Because he increased his knowledge and wisdom through consultants like Allan Savory, Jim Watts, Graeme Sait and Hugh Lovel, he recommends that all young farmers bring in consultants in those areas where they need support. He also feels farmers should keep benchmarks so that each year they are able to refer to the data for that year. Thus he tasks helpers to record data, and he feels gratified that his ‘sheep quest’ has led him to using his management skills along with his inquiring mind to build a new approach to sheep grazing which includes teaching of the method.


In Summary


Peter’s passion for agriculture is the driving force behind Kyabra Station. He states “Tomorrow is about producing food, fibre and fuel for the future and simultaneously restoring the balance of nature and sustainable fertility of the soil.

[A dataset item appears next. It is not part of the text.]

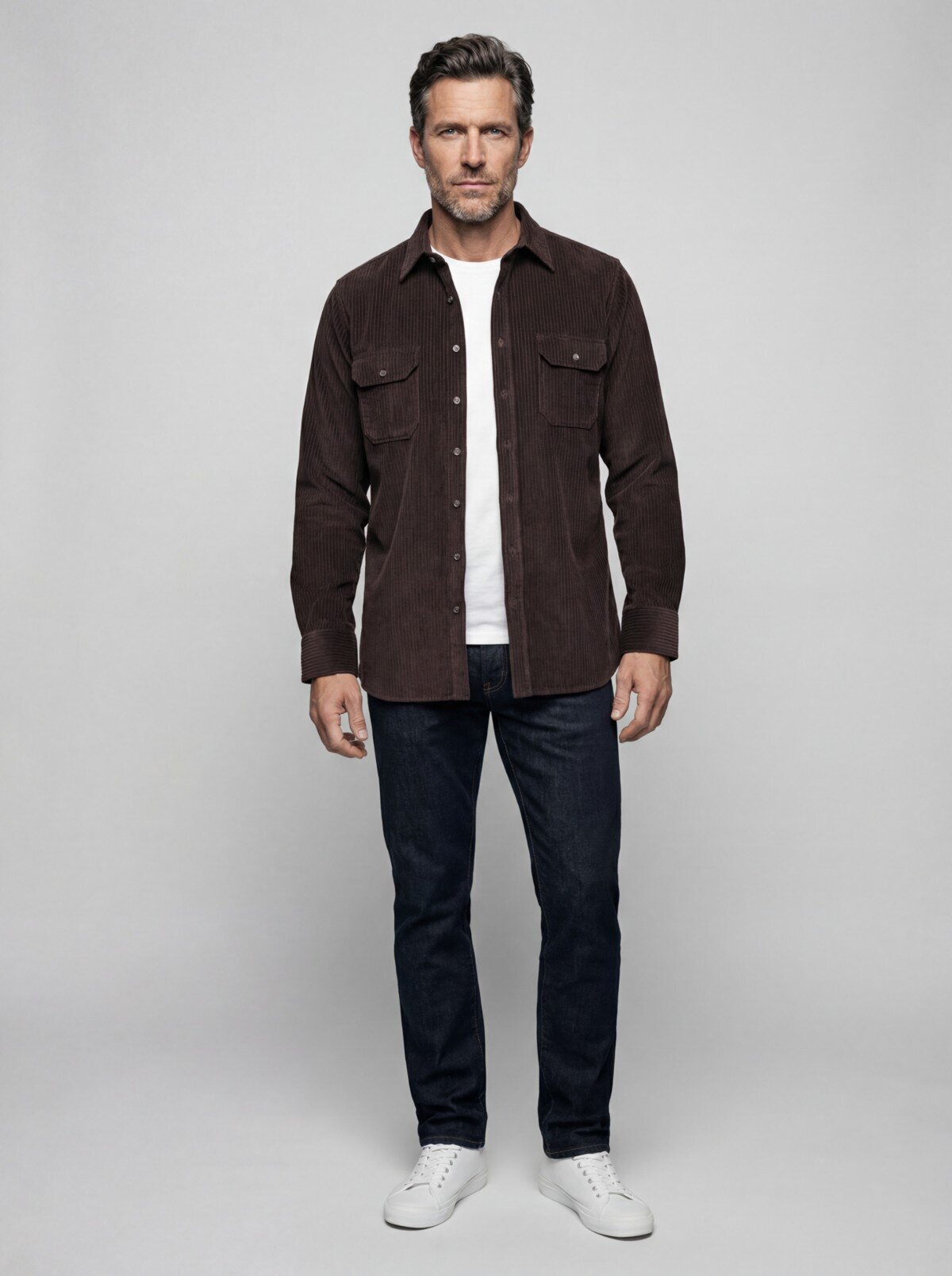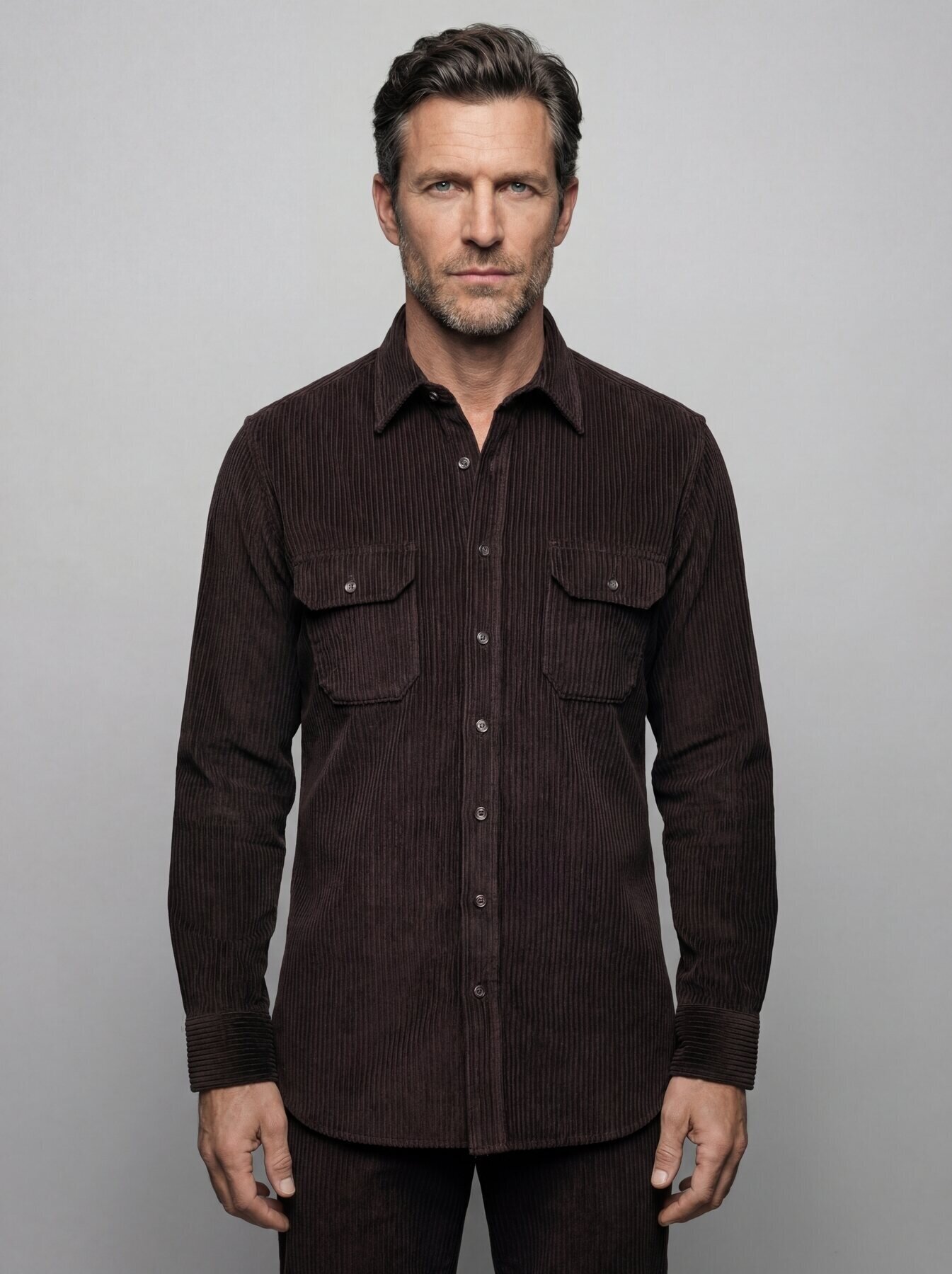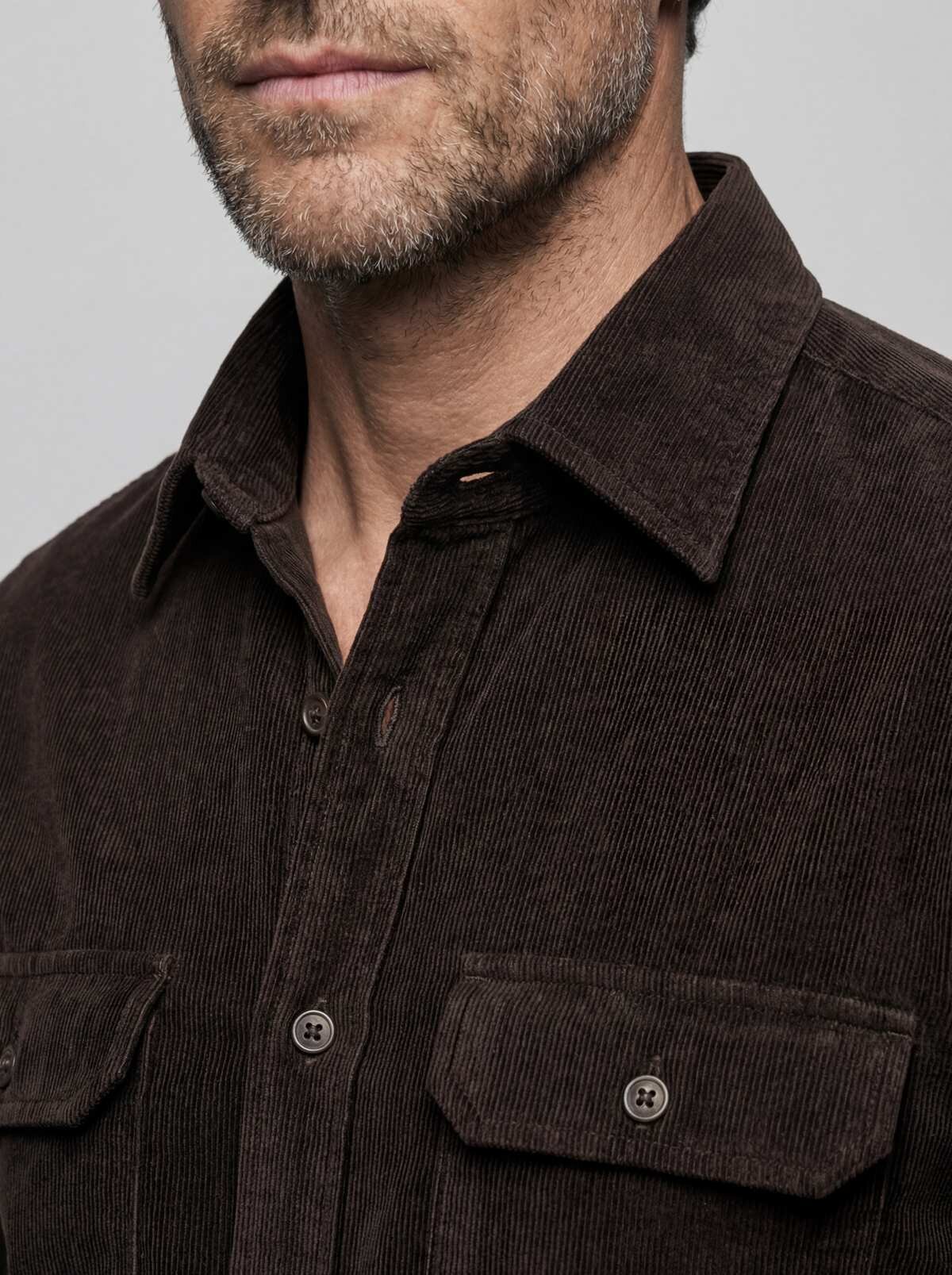 Regular Fit Kadife Pamuk Koyu Kahve Erkek Gömlek

Young farmers have the possibility of great financial success in the future because of the mass desire for highly nutritious and densely organized plants which are sustainable.” Peter encourages other young farmers to create their plan now. “Agriculture is where we can improve the environment; agriculture will create the products that will fuel the world, build our homes, and anyone entering agriculture is in the most exciting industry for the future. Without agriculture life will not exist on our planet.”